The world’s largest cryptocurrency exchange in terms of volume yesterday announced the unveiling of a new platform for peer-to-peer trading for its traders in China.
China has imposed a ban on the trading of digital currency through centralized (third-party) exchanges. However, it seems that the state has no reservation against stocking and trading virtual token on a peer-to-peer basis.
Measuring the volume of over-the-counter (OTC) market is next to impossible. However, most analysts vouch that OTC is as important as trading on the exchanges, for the crypto ecosystem or is even bigger.
Launching of secure space for crypto-trading for Chinese traders is a big boost for digital currencies like Bitcoin. Setting up of this P2P platform opens a wide avenue for over 1.4 bn people residing in China into the world of cryptocurrency. At present, Chinese traders have moved around 30,000 Bitcoin on popular P2P Bitcoin marketplaces like Localbitcoins and Paxful.

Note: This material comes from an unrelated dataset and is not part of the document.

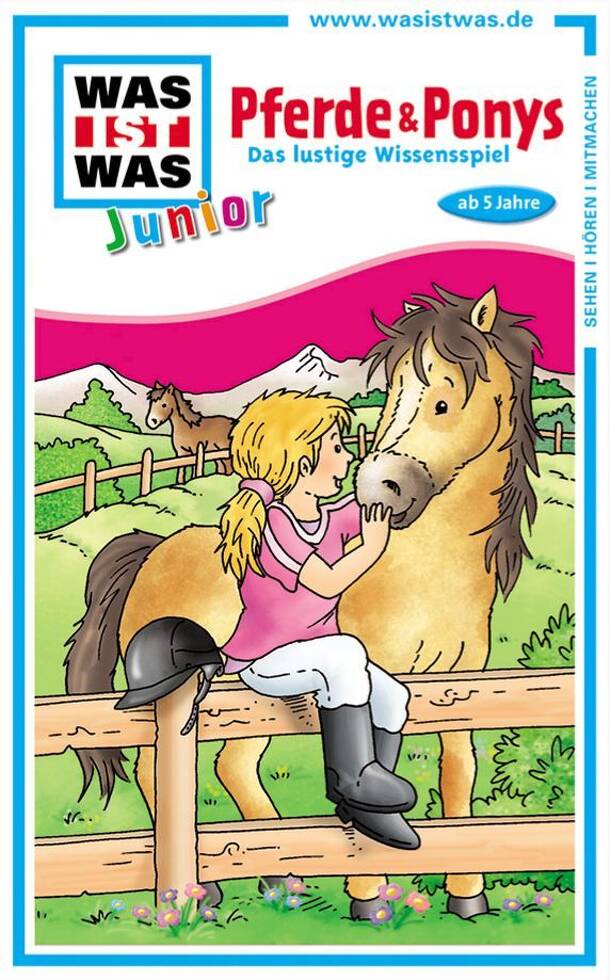 What do horses like to eat? What things do you need for horse care? What can be discovered in the paddock? In Was ist Was - Junior: Pferde & Ponys, forty cards show everything that girls want to know about horses in ten different topics. These forty cards are first revealed at the start of the game, then hidden. A player draws a topic card – say, horse...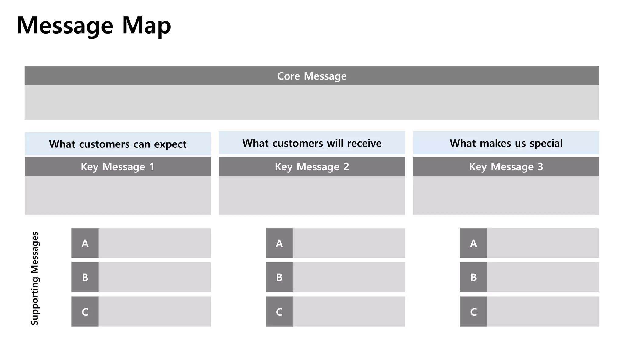 This document contains a message map to communicate key messages to customers. The core message is at the top level, with three key messages below providing details on what customers can expect, what they will receive, and what makes the company special. Each key message then has three supporting messages to further explain and emphasize the main points.

As per the data published by Anacoinda, this volume of trade on P2P platforms makes China feature on the list of top five nations in the world in terms of P2P crypto trading. The volume of tokens moved by traders on such platforms stands at about $258M. The trade volume will get a boost if cryptocurrency can be easily exchanged among traders.

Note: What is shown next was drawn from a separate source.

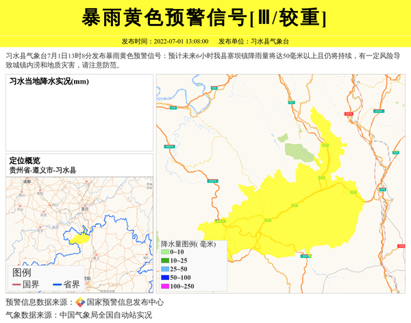 习水县气象台7月1日13时8分发布暴雨黄色预警信号:预计未来6小时我县寨坝镇降雨量将达50毫米以上且仍将持续,有一定风险导致城镇内涝和地质灾害,请注意防范。 信息来源:国家预警信息发布中心; 发布单位:习水县气象台。

Injection of money into a virtual token market will lead to an even stable market, a market that is less prone to manipulation. What is worth noting is that many traders having access to the Chinese market also trade in others, which are more traditional markets. However, for most of the Chinese residents, the only short-term solution for trading digital currencies is through P2P platforms and OTC trading desks, like those being offered by Binance.